* _Work task_: Up to and including the line holding "A Prefeitura abriu", write out the data exactly from its first line, but not the pictures.

* _Records provided_:
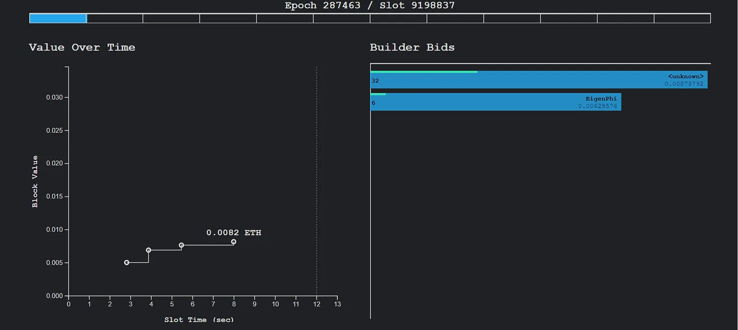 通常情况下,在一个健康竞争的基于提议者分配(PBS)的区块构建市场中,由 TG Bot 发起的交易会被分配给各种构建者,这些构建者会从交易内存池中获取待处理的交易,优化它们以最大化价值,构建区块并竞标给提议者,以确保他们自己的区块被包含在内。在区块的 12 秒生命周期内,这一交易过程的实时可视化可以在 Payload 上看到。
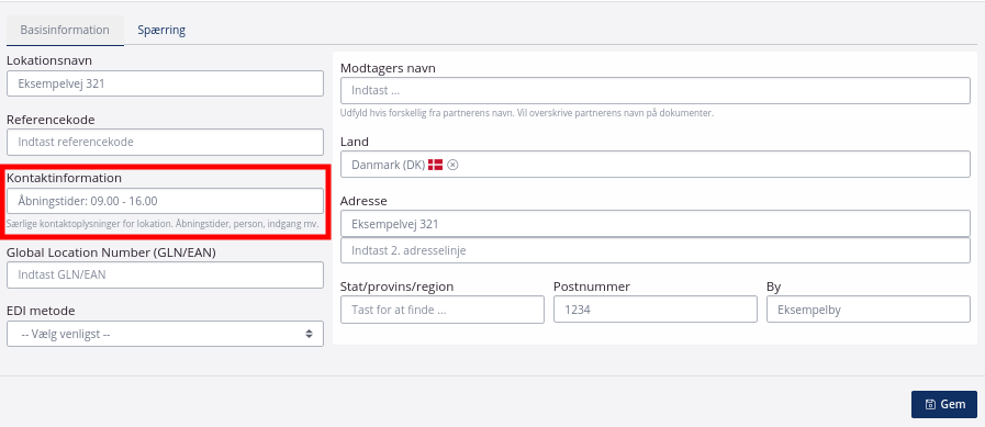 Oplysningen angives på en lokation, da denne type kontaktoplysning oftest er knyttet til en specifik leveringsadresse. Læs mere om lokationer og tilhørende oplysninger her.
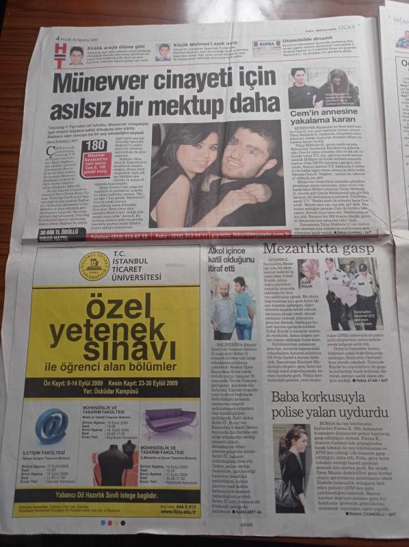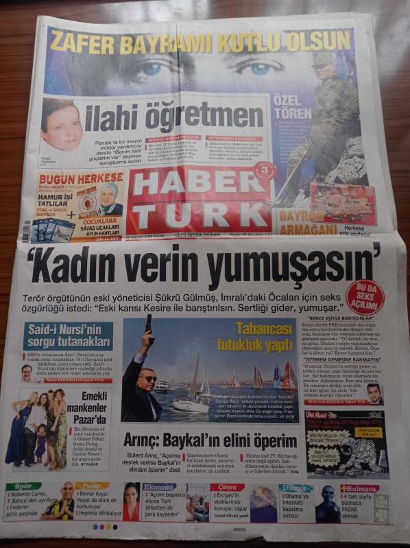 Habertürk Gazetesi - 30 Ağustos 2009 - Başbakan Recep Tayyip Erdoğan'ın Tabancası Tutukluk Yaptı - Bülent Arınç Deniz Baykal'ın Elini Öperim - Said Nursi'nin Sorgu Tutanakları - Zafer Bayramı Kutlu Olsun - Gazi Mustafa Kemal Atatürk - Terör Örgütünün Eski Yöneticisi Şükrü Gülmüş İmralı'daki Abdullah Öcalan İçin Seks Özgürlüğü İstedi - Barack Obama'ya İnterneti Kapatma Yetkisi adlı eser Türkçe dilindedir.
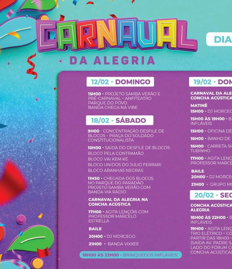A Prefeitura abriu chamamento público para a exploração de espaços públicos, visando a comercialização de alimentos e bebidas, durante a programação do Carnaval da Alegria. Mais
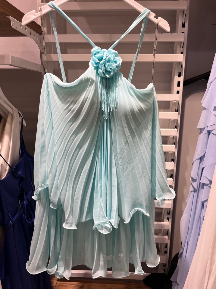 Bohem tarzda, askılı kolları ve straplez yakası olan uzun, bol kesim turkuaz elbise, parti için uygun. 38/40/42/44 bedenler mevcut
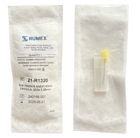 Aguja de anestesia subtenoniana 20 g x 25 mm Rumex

* _Exercise result_:
 通常情况下,在一个健康竞争的基于提议者分配(PBS)的区块构建市场中,由 TG Bot 发起的交易会被分配给各种构建者,这些构建者会从交易内存池中获取待处理的交易,优化它们以最大化价值,构建区块并竞标给提议者,以确保他们自己的区块被包含在内。在区块的 12 秒生命周期内,这一交易过程的实时可视化可以在 Payload 上看到。
 Oplysningen angives på en lokation, da denne type kontaktoplysning oftest er knyttet til en specifik leveringsadresse. Læs mere om lokationer og tilhørende oplysninger her.
 Habertürk Gazetesi - 30 Ağustos 2009 - Başbakan Recep Tayyip Erdoğan'ın Tabancası Tutukluk Yaptı - Bülent Arınç Deniz Baykal'ın Elini Öperim - Said Nursi'nin Sorgu Tutanakları - Zafer Bayramı Kutlu Olsun - Gazi Mustafa Kemal Atatürk - Terör Örgütünün Eski Yöneticisi Şükrü Gülmüş İmralı'daki Abdullah Öcalan İçin Seks Özgürlüğü İstedi - Barack Obama'ya İnterneti Kapatma Yetkisi adlı eser Türkçe dilindedir.
A Prefeitura abriu chamamento público para a exploração de espaços públicos, visando a comercialização de alimentos e bebidas, durante a programação do Carnaval da Alegria. Mais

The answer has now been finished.